Stretch goal: Add memory via RAG. Store important events in a vector database and retrieve relevant history when the player revisits locations or encounters recurring characters.
Tools: Ollama or any LLM API, Python, optionally ChromaDB for memory.
This seemingly playful project teaches the exact same skills used in production AI agents: managing context windows, maintaining state, parsing structured outputs, and handling the unpredictability of generative models. Many professional AI engineers got their start building exactly this kind of system.
20.2 Personal Knowledge Base with RAG
Build a chatbot that answers questions about your documents: notes, textbooks, PDFs, code repositories. This is one of the most practically useful projects you can build, and it teaches the full RAG (Retrieval-Augmented Generation) pipeline (Lewis et al. 2020).
What you will learn: Embeddings, vector databases, chunking strategies, retrieval algorithms, context injection, and the art of balancing retrieval quality with context window limits.
How to build it:
- Collect your documents and convert them to plain text (use PyPDF2 for PDFs, markdown parsers for notes).
- Split documents into chunks (experiment with chunk sizes: 256, 512, 1024 tokens).
- Embed each chunk using an embedding model (e.g.,
all-MiniLM-L6-v2from Sentence Transformers, or OpenAI'stext-embedding-3-small). - Store embeddings in a vector database (ChromaDB is the simplest to set up, FAISS for more control).
- At query time, embed the user's question, retrieve the top-\(k\) most relevant chunks, and inject them into the LLM's prompt.
Stretch goals: Add hybrid search (combine vector similarity with BM25 keyword matching).
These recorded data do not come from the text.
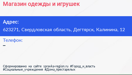 Магазин одежды и игрушек по адресу 623271, Свердловская область, Дегтярск, Калинина, 12 в дальнейшем Организация, размещена в следующих категориях:
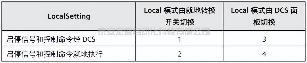 談到電機(jī)肯定會(huì)涉及到模式切換:就地、遠(yuǎn)程。遠(yuǎn)程/就地模式的切換及就地啟動(dòng)方式,各現(xiàn)場因?qū)嶋H電氣控制回路設(shè)計(jì)不同,需求也可能不盡相同。例如有的現(xiàn)場遠(yuǎn)程/就地切換通過現(xiàn)場轉(zhuǎn)換開關(guān)實(shí)現(xiàn),就地啟停不經(jīng)過PLC,而別的現(xiàn)場同樣切換方式下可能就地啟停命令經(jīng)PLC發(fā)出。還有的現(xiàn)場遠(yuǎn)程/就地模式切換在DCS側(cè)面板中實(shí)現(xiàn),現(xiàn)場沒有轉(zhuǎn)換開關(guān)。MotL充分考慮了這種需求,通過LocalSetting設(shè)置為不同的值可以滿足不同的應(yīng)用場合。如下表所示:
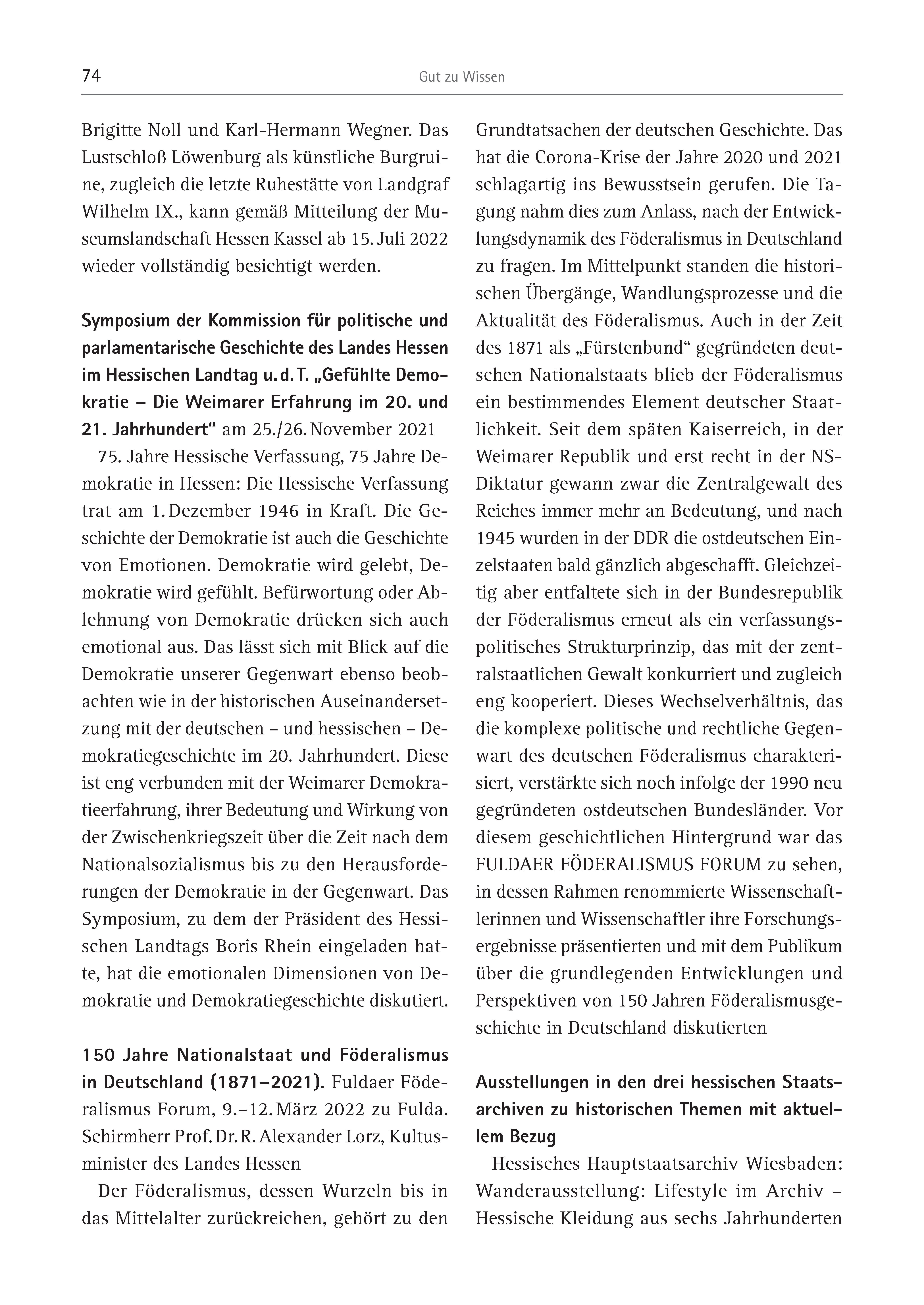74 Gut zu Wissen Brigitte Noll und Karl-Hermann Wegner. Das Lustschloß Löwenburg als künstliche Burgruine, zugleich die letzte Ruhestätte von Landgraf Wilhelm IX., kann gemäß Mitteilung der Museumslandschaft Hessen Kassel ab 15. Juli 2022 wieder vollständig besichtigt werden. Symposium der Kommission für politische und parlamentarische Geschichte des Landes Hessen im Hessischen Landtag u. d. T. „Gefühlte Demokratie – Die Weimarer Erfahrung im 20. und 21. Jahrhundert“ am 25./26. November 2021 75. Jahre Hessische Verfassung, 75 Jahre Demokratie in Hessen: Die Hessische Verfassung trat am 1. Dezember 1946 in Kraft. Die Geschichte der Demokratie ist auch die Geschichte von Emotionen. Demokratie wird gelebt, Demokratie wird gefühlt. Befürwortung oder Ablehnung von Demokratie drücken sich auch emotional aus. Das lässt sich mit Blick auf die Demokratie unserer Gegenwart ebenso beobachten wie in der historischen Auseinandersetzung mit der deutschen – und hessischen – Demokratiegeschichte im 20. Jahrhundert. Diese ist eng verbunden mit der Weimarer Demokratieerfahrung, ihrer Bedeutung und Wirkung von der Zwischenkriegszeit über die Zeit nach dem Nationalsozialismus bis zu den Herausforderungen der Demokratie in der Gegenwart. Das Symposium, zu dem der Präsident des Hessischen Landtags Boris Rhein eingeladen hatte, hat die emotionalen Dimensionen von Demokratie und Demokratiegeschichte diskutiert. 150 Jahre Nationalstaat und Föderalismus in Deutschland (1871–2021). Fuldaer Föderalismus Forum, 9.–12. März 2022 zu Fulda. Schirmherr Prof. Dr. R. Alexander Lorz, Kultusminister des Landes Hessen Der Föderalismus, dessen Wurzeln bis in das Mittelalter zurückreichen, gehört zu den Grundtatsachen der deutschen Geschichte. Das hat die Corona-Krise der Jahre 2020 und 2021 schlagartig ins Bewusstsein gerufen. Die Tagung nahm dies zum Anlass, nach der Entwicklungsdynamik des Föderalismus in Deutschland zu fragen. Im Mittelpunkt standen die historischen Übergänge, Wandlungsprozesse und die Aktualität des Föderalismus. Auch in der Zeit des 1871 als „Fürstenbund“ gegründeten deutschen Nationalstaats blieb der Föderalismus ein bestimmendes Element deutscher Staatlichkeit. Seit dem späten Kaiserreich, in der Weimarer Republik und erst recht in der NSDiktatur gewann zwar die Zentralgewalt des Reiches immer mehr an Bedeutung, und nach 1945 wurden in der DDR die ostdeutschen Einzelstaaten bald gänzlich abgeschafft. Gleichzeitig aber entfaltete sich in der Bundesrepublik der Föderalismus erneut als ein verfassungspolitisches Strukturprinzip, das mit der zentralstaatlichen Gewalt konkurriert und zugleich eng kooperiert. Dieses Wechselverhältnis, das die komplexe politische und rechtliche Gegenwart des deutschen Föderalismus charakterisiert, verstärkte sich noch infolge der 1990 neu gegründeten ostdeutschen Bundesländer. Vor diesem geschichtlichen Hintergrund war das FULDAER FÖDERALISMUS FORUM zu sehen, in dessen Rahmen renommierte Wissenschaftlerinnen und Wissenschaftler ihre Forschungsergebnisse präsentierten und mit dem Publikum über die grundlegenden Entwicklungen und Perspektiven von 150 Jahren Föderalismusgeschichte in Deutschland diskutierten Ausstellungen in den drei hessischen Staatsarchiven zu historischen Themen mit aktuellem Bezug Hessisches Hauptstaatsarchiv Wiesbaden: Wanderausstellung: Lifestyle im Archiv – Hessische Kleidung aus sechs Jahrhunderten
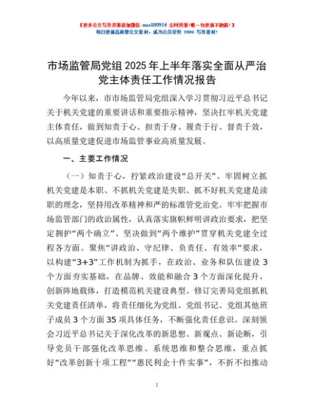 / 市场监管局党组2025年上半年落实全面从严治党主体责任工作情况报告
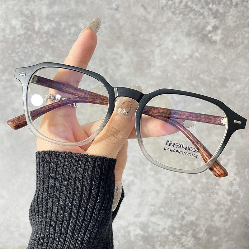 Ultra-light polygonal black frame anti-blue light anti-radiation myopia glasses men's retro flat light eye protection frame Korean version trendy women
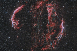 Tovább az észleléshez »A korábbi képemet dolgoztam fel újra az elejétől. Ezúttal a keskenysávú képekből származnak a csillagok is. A csillagmezőt is sikerült visszafognom. 2023.08.12-étől 18-áig, a VCSE Ispánkon megrendezett táborában készített felvételem a Hattyú csillagképben található Wolf-Rayet 134 szupernova maradványról. A szupernova maradvány elkészítéséhez monokróm kamerát és keskenysávú, hidrogén és oxigén szűrőket választottam. Nagyon halvány objektum, még f/4 fényerőn is 5 perces expozíciókra volt szükség. Egy óriáscsillag életének végén jelentős mennyiségű anyagot dobott le magáról, a nagy sebességgel haladó anyag pedig ütközött a csillagközi gázokkal, gerjesztve azt. Ez a lökéshullám látható a képen. 6 000 fényévre található a Földtől, átmérője 50 fényév.
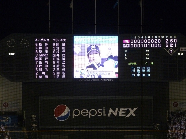ブログの更新をサボり気味なので、安易な内容でお茶を濁す拙ブログ。 つまり野球ネタです。 千葉ロッテ 3x - 2 東北楽天 8回に同点に追いついた東北楽天でしたが、2番手塩見が9回1アウト2・3塁のピンチを 招き降板。替わった釜田が連続四球でサヨナラ押し出し。ロッテと楽天の4位・5位決定 戦は明日も続くことになりました。 勝利投手は70試合目の登板となった益田。新人で70試合って・・・。 それにしても、来年の監督は伊東?西村も大概ですが、伊東も西武3年目は深刻な左右 病&選手からもソッポを向かれていた末期的状態だったという印象。とりあえず新人選手 の自主トレ初日は千葉競輪場でタイムトライアルということでキ・マ・リ。八木沢ロッテでは 果たせなかった、「常勝西武ライオンズの教え」を伝道してほしいものです。 PR

Add a reranker (e.g., Cohere Rerank or a cross-encoder model) to improve retrieval quality. Build a web UI with Gradio or Streamlit.
Tools: LlamaIndex (Liu 2023) or LangChain (Chase 2023), ChromaDB or FAISS, any embedding model, any LLM.
20.3 Train Your Own Tiny Language Model
This is the project that Andrej Karpathy made famous with his “Let's build GPT from scratch” video. Train a character-level language model on Shakespeare, then scale up to a BPE tokenizer and a subset of the web.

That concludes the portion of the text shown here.